- Artist: Jin Soo Kim
- Year: 2006
- Type: mixed media

= Stratiformis (sculpture) =

Artwork by Jin Soo Kim in Wisconsin, US

Stratiformis is a public artwork by Korean-born artist Jin Soo Kim located in Catalano Square, which is south of downtown in the Historic Third Ward of Milwaukee, Wisconsin, United States. The large sculpture combines disassembled knitting machines culled from a local apparel manufacturer in a grid of rusted rebar, all hand-wrapped with galvanized and copper wire. It was installed in 2006.

==Description==
Stratiformis is responding to the local labor history of the Historic Third Ward. Reliable Knitting Works was a knitting company that created wool hats, gloves and hockey stockings. It was the last company to create these goods in the United States. The company and its president, Isabelle Polacheck, were instrumental in creating the characteristics of the Historic Third Ward, as we know it today. It was once at risk of becoming a red light district. Polacheck's company donated old knitting machines for this project.

Hand labor is a key theme in Stratiformis. The salvaged knitting machines bear traces of wear by their operators, and the artist left bits of stray yarn and thread connected to some of the machine parts to evoke a sense of warmth associated with knit goods. The steel is hand-welded to assure longevity. The galvanized and copper wires were hand-wrapped and then hand-filed. A sealant is applied by hand at regular intervals to prevent excessive rust. Stratiformis is related to Kim's larger body of work, which references memory, cultural identity, and healing.

==Commissioning process==
The project was commissioned through the Open Art Project, an effort developed in 2004 and led by the Milwaukee Institute of Art and Design (MIAD). In the belief that “dialogue and discussion beforehand will improve both the art and its impact," the Open Art Project invited three artists--Kinji Akagawa, Luis Jiménez, and Jin Soo Kim—to present their work in a series of public forums.

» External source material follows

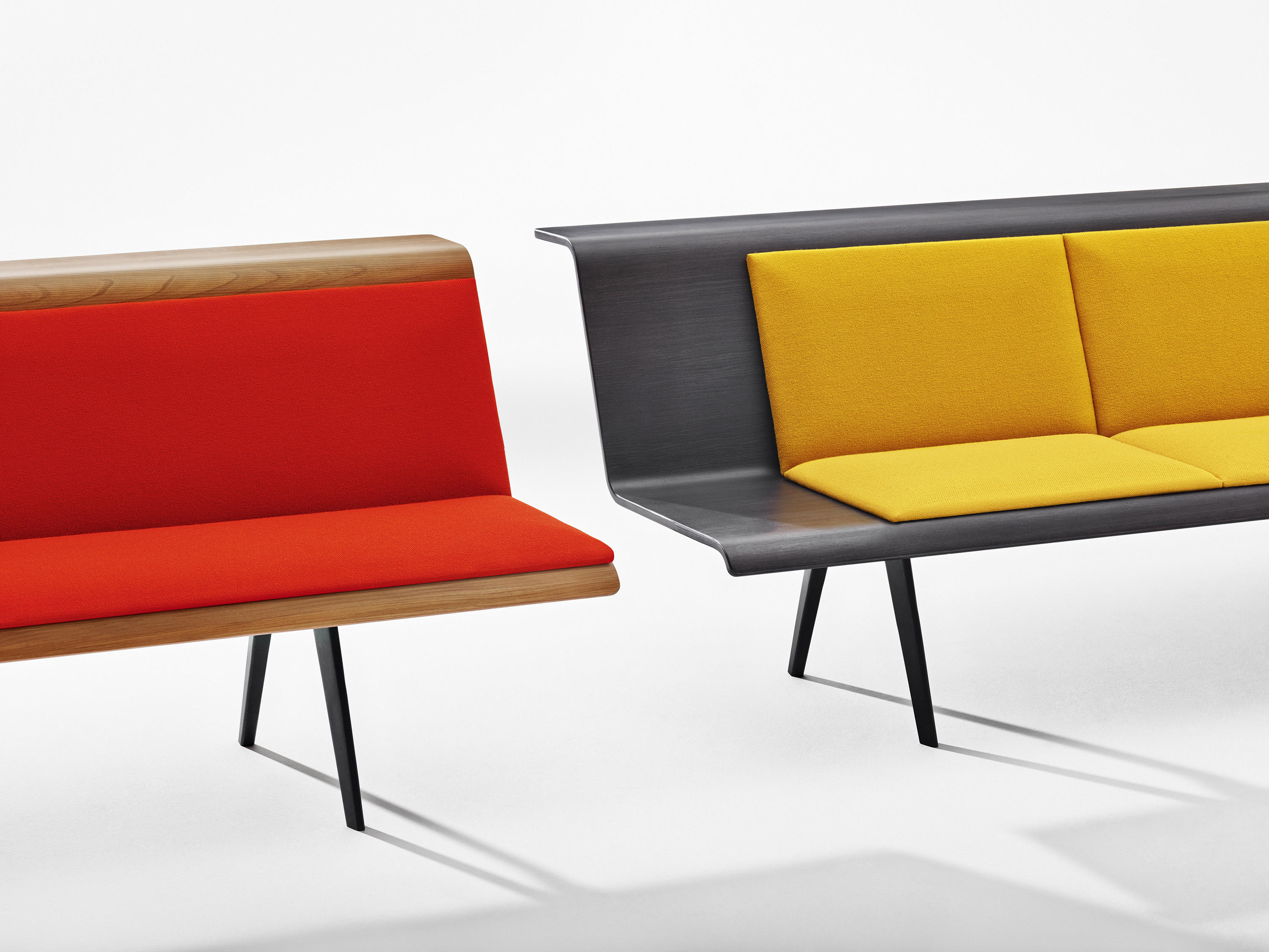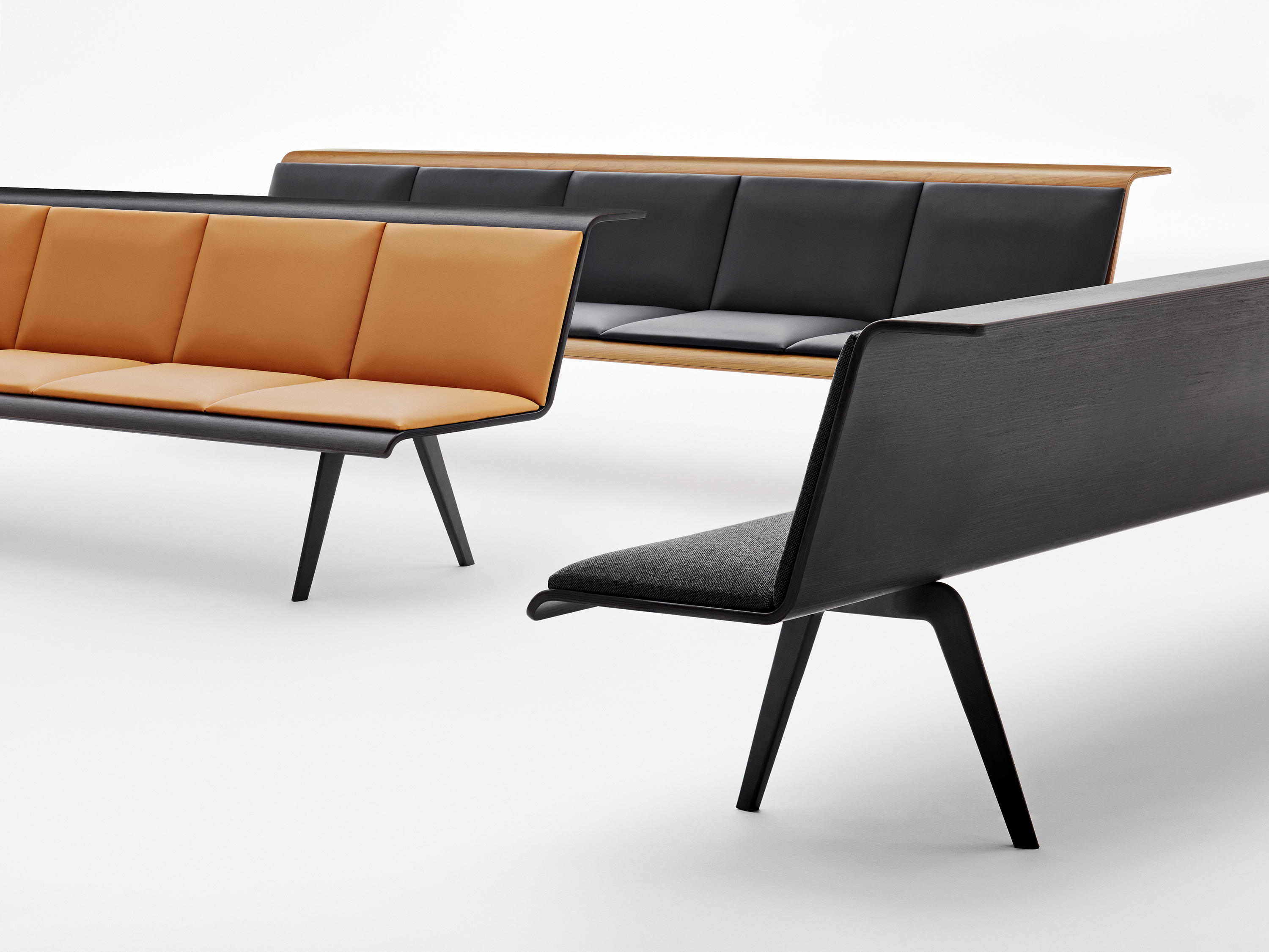 Zinta由木质外壳衬垫,用于收缩或垫子,以便在选定的一组织物中提供更加容纳的座椅。多种尺寸,材料和填充允许多种组合和应用。贝壳采用天然,棕色和深色橡木制成的木饰面。底座和铝腿仍涂有深灰色。可选配胶合板扶手。多种长度和角度可实现无限组合。

The Open Art Project's commission framework emphasized participatory process and public input, features increasingly common in public art commissioning activity due to episodes like Tilted Arc and the regularity of public art controversy. The design of the Open Art Project's commissioning framework was also shaped in direct response to a then-recent Milwaukee public art debacle: Dennis Oppenheim’s Blue Shirt. Milwaukee County’s cancellation of Blue Shirt, which had been scheduled for installation at Mitchell International Airport in 2003, was a source of civic embarrassment for local public art advocates. By early 2003, Milwaukee Journal Sentinel art writer Jim Auer summarized the “lessons learned” from Blue Shirt and published his blueprint for future public art processes: 1) notify the media early, 2) create venues for citizen input on finalists, and 3) invite publics to meet with artists before plans are finalized. The Open Art Project, in positioning itself as a remedy and a new start for local public art, heeded Auer's advice and layered process with dialogue to create broader public participation.

Following public presentations and dialogue, the Open Art Project commission was ultimately awarded to Kim, a member of the sculpture faculty at the School of the Art Institute of Chicago. Kim had begun to shift her practice toward public work in 2003, completing commissions in Pusan, Korea and Stevens Point, Wisconsin.

==Installation==
To create Stratiformis, Kim led processes related to research, fabrication, and installation. She took up residence and a studio in Milwaukee and collaborated extensively. Students from MIAD assisted with research on the local community and area businesses of the present and past. They also worked with Kim in the studio. According to Kim, the collaboration of MIAD students as an “integral part of the original process." During the weeks prior to the dedication, Kim and several students moved their studio practice out to the sculpture's site. According to Kim, “People were puzzled and fascinated that it was literally being tied together by hand." The sculpture was dedicated on May 3, 2006.

==Critical response==

Critics had previously praised Kim's “oddly affecting assemblages," “painstaking approach, which emulates the activity of bandaging or sewing," and her installations “dense as a tropical forest." But response by the Milwaukee art press to Stratiformis has not been positive. Local art critics have derided the sculpture as a “jerry-rigged contraption," a “brown smudge," and “Stratiformless."